PROVIDED MATERIAL Block Start

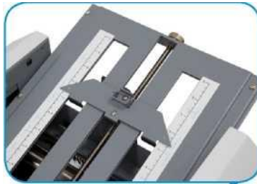
Sliding Fold Plates with Fine Tuning Knobs
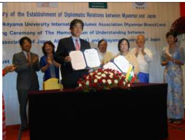
Distinguished Guests celebrating the MOU signing
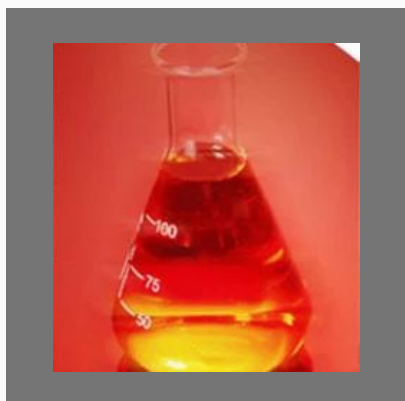
Benzyl Alcohol Extrapure
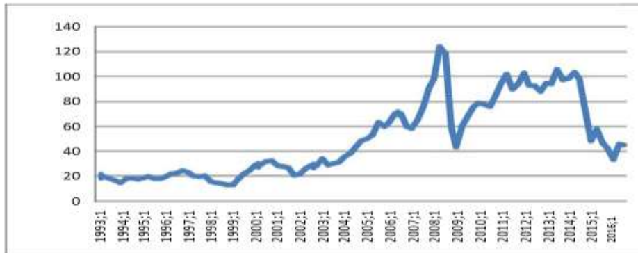
Figure 1. Fluctuations in World Oil Prices

Many studies show the shock of oil prices followed by weakening world economic growth. Cunado et al. (2015) concluded that a good monetary policy through exchange rate policy could reduce the negative impact of oil price shocks on macroeconomics in Asian economies.
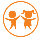
HELPING CHILDREN SURVIVE
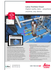
Leica TruView Cloud Flyer
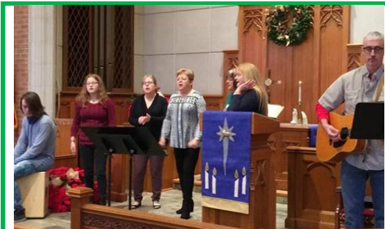
December—Praise Service worshipped in the Chapel!

This year we were able to shop for 60 people all impacted by Hurricane Harvey. We had 14 amazing adults who sacrificed their Sunday in order to shop, cook, wrap gifts, hang out with youth and kids all day, and more. It was another wonderful year, and everyone had a wonderful time. Thank you especially to those who donated and made this trip possible for everyone.
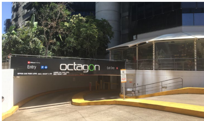
Image: Wilson carpark entrance under the Octagon building

There are also three more multi-level carparks located a short walking distance away from the Cameron Centre.
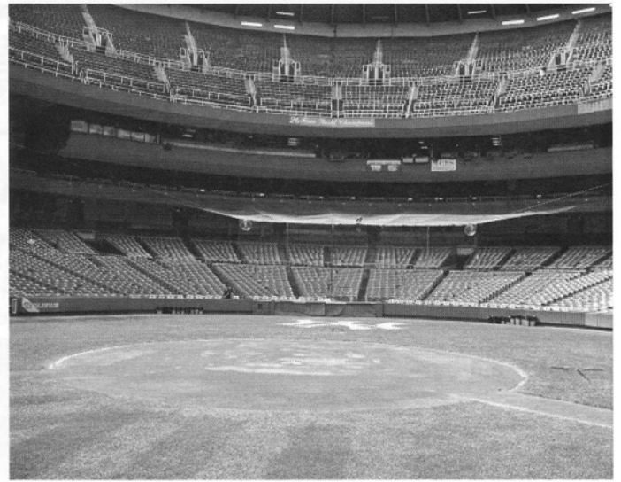
The meticulously maintained home plate area at Yankee Stadium. ♦
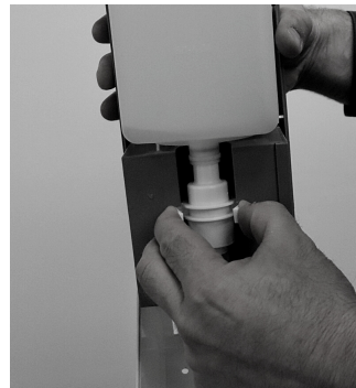
STEP 6 Remove Soap Dispenser
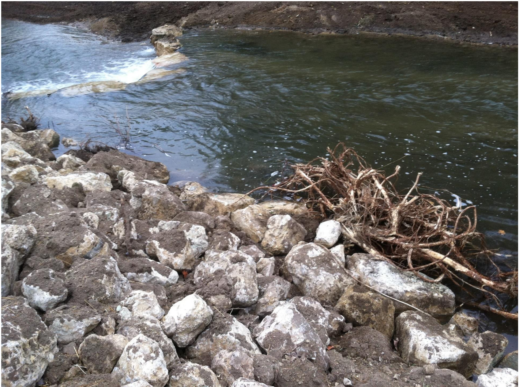
Weir and Rootwad
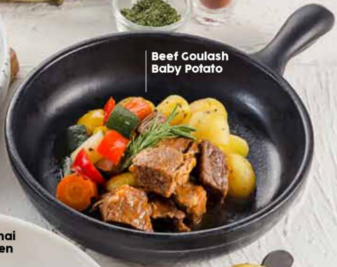
Beef Goulash Baby Potato
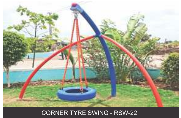
CORNER TYRE SWING - RSW-22
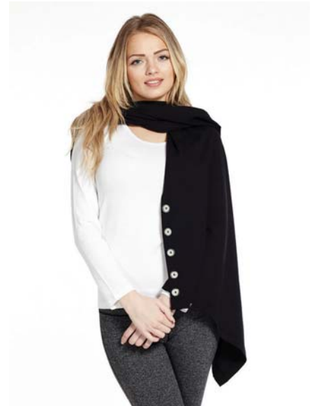
The Très Chic

PROVIDED MATERIAL Block End

I'd like the number of lines above that contain the word "with", and nothing besides that number.

EXPECTED ANSWER: 2